**What to do:** Copy nothing but the lines below, from the one with "Πολυθρόνα Tanish pakoworld" through the one with "シャンプーしてもらったり、色", exactly as written; no pictures should appear.
=-=-=
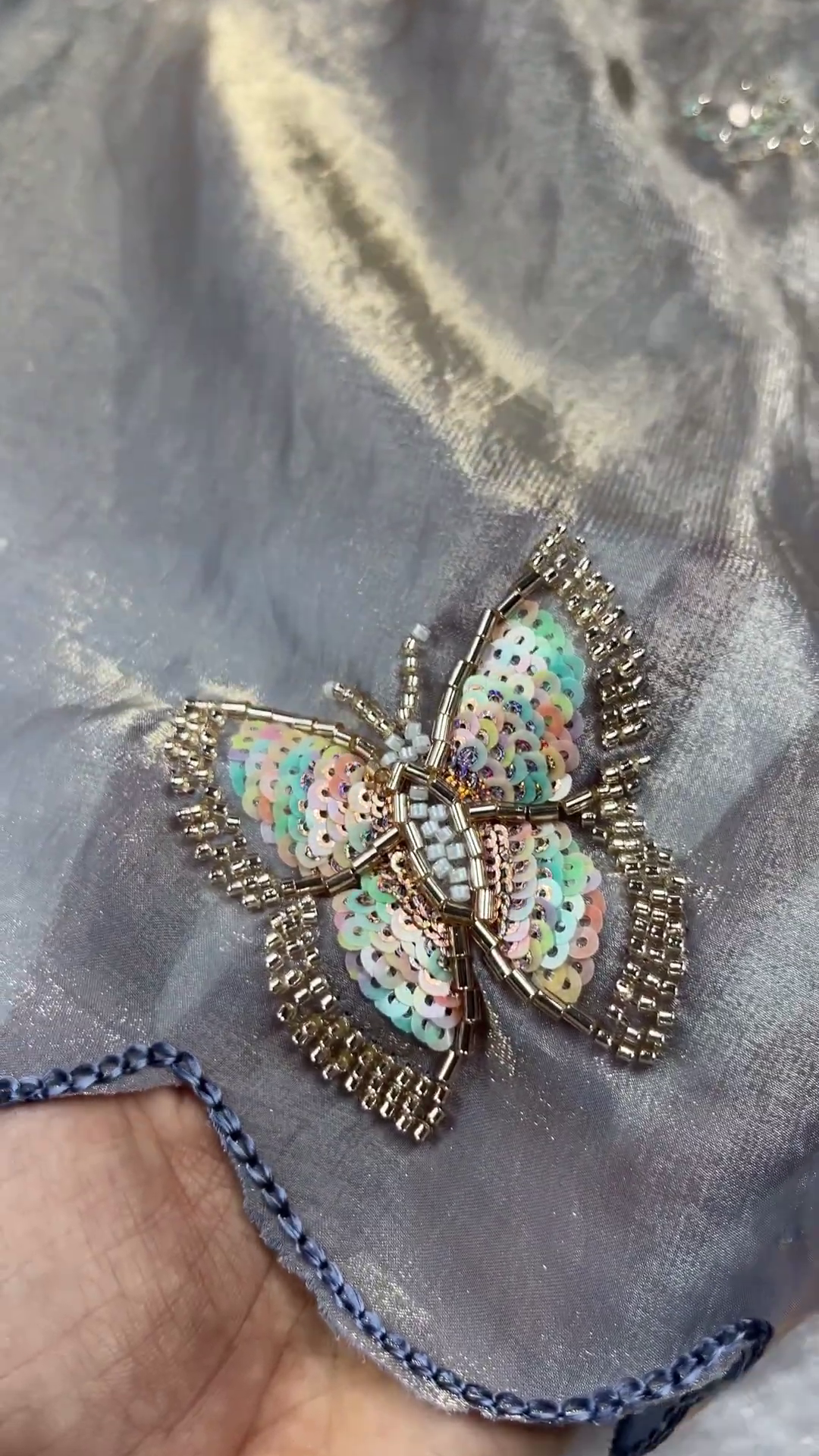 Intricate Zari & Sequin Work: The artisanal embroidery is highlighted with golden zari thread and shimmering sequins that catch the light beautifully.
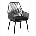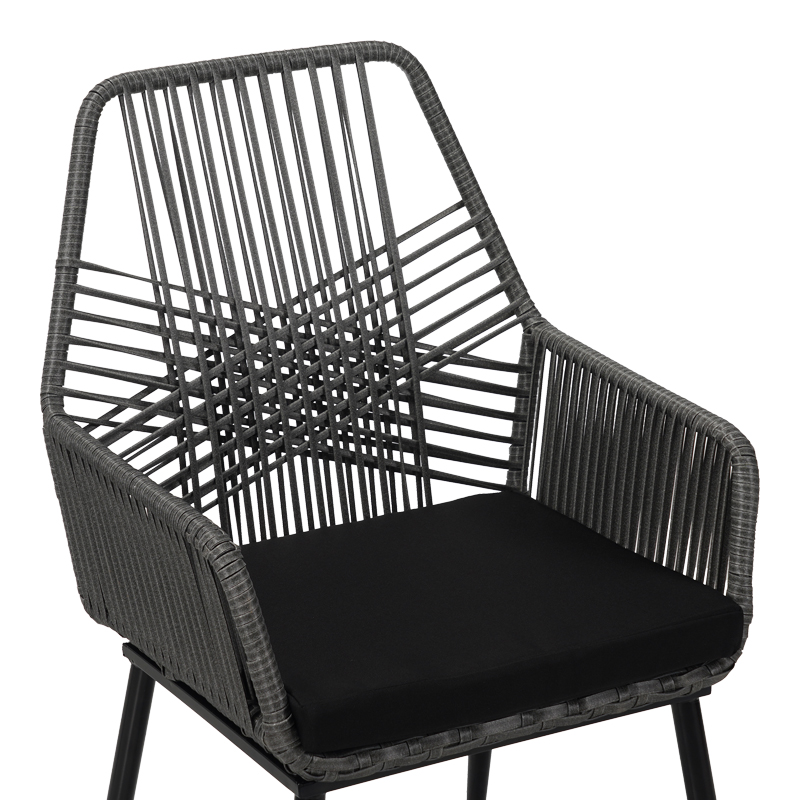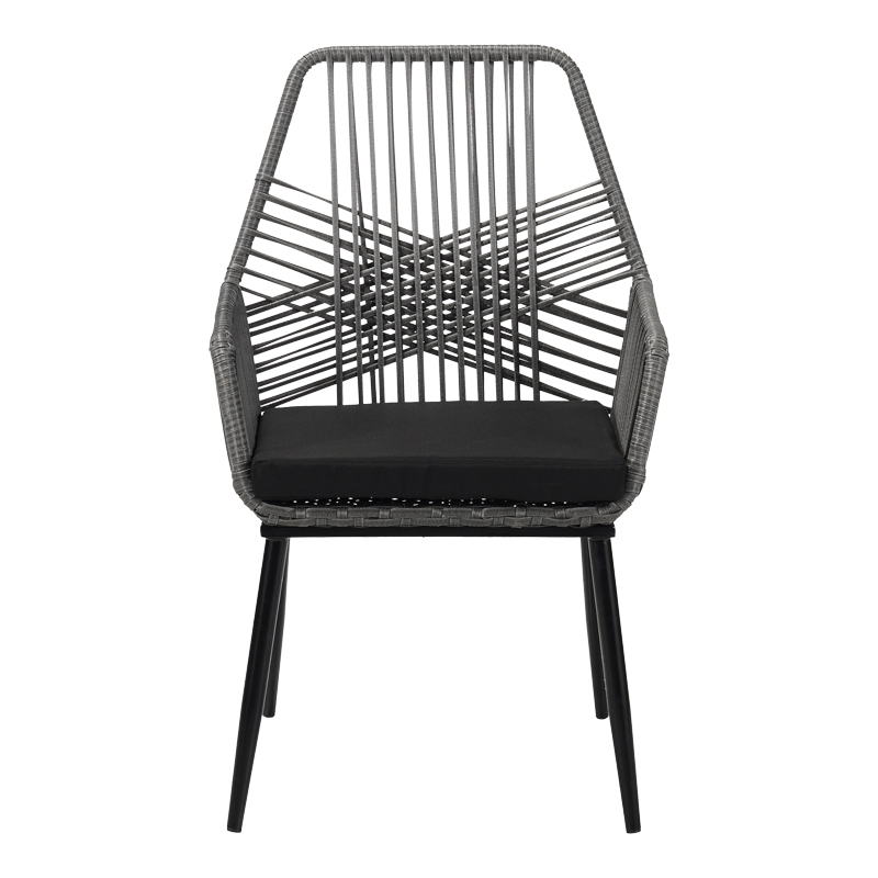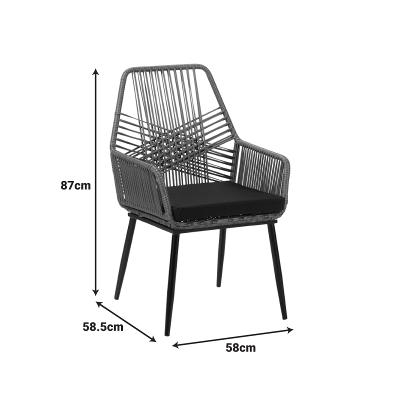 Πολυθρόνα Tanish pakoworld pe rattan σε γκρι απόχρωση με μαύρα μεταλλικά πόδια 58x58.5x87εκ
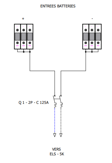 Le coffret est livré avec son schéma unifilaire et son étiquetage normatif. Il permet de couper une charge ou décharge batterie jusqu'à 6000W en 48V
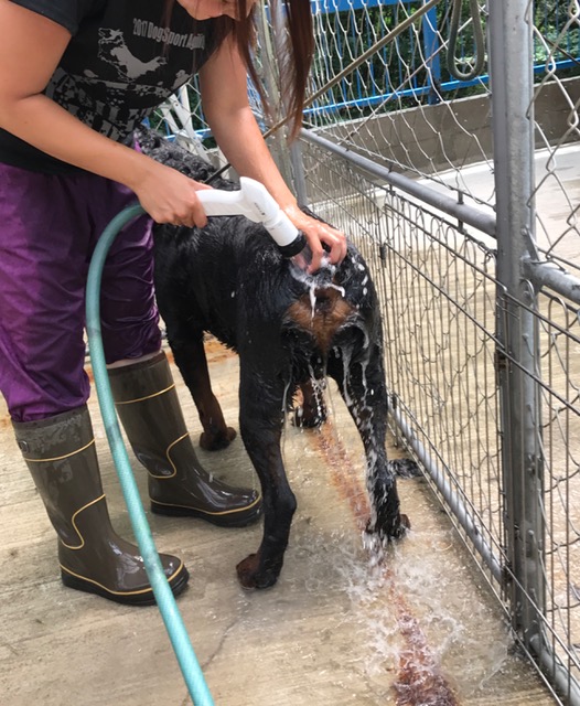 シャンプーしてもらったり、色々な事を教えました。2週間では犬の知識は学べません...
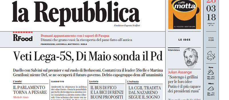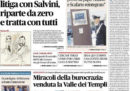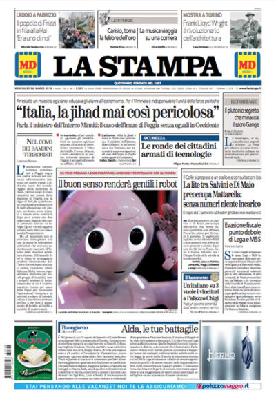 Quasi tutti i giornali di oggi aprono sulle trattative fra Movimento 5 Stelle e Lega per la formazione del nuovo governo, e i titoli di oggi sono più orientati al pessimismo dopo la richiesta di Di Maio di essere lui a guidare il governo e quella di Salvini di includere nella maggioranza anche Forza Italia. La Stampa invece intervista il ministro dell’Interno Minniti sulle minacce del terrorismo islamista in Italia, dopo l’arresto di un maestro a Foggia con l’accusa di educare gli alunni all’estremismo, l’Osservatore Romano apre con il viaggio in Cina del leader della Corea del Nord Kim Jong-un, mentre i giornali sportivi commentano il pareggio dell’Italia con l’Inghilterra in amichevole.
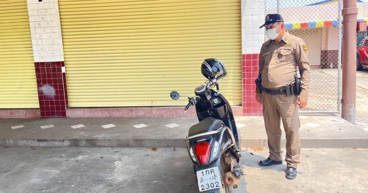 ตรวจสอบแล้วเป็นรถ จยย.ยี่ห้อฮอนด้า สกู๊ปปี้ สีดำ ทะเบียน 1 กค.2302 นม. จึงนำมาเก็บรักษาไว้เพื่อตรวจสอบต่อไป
=-=-=
**Exercise result:**
 Πολυθρόνα Tanish pakoworld pe rattan σε γκρι απόχρωση με μαύρα μεταλλικά πόδια 58x58.5x87εκ
 Le coffret est livré avec son schéma unifilaire et son étiquetage normatif. Il permet de couper une charge ou décharge batterie jusqu'à 6000W en 48V
 シャンプーしてもらったり、色々な事を教えました。2週間では犬の知識は学べません...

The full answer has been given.